Each line of the listing where "Hero" appears should be reported.

[[ Source material open ]]

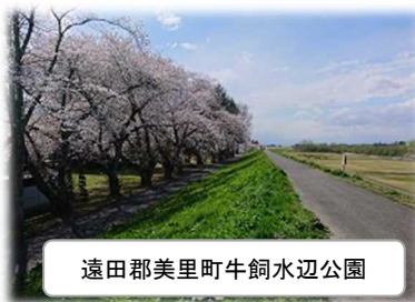
遠田郡美里町牛飼水辺公園

点検箇所の「桜つつみ公園」、「牛飼水辺公園」の桜が綺麗に咲いていました。来年、お近くへお越しの際はぜひご覧ください！
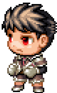
Henry (Karakter Hero)

Game edukasi ini juga dilengkapi dengan karakter Hero (Gambar 3) dan pasukan musuh dalam hal ini mewakili unsur-unsur kimia yang akan ditanyakan dalam quiz. Salah satu karakter musuh diperlihatkan pada Gambar 4.

[[ Source material closed ]]

**Output for this exercise**
Henry (Karakter Hero)
Game edukasi ini juga dilengkapi dengan karakter Hero (Gambar 3) dan pasukan musuh dalam hal ini mewakili unsur-unsur kimia yang akan ditanyakan dalam quiz. Salah satu karakter musuh diperlihatkan pada Gambar 4.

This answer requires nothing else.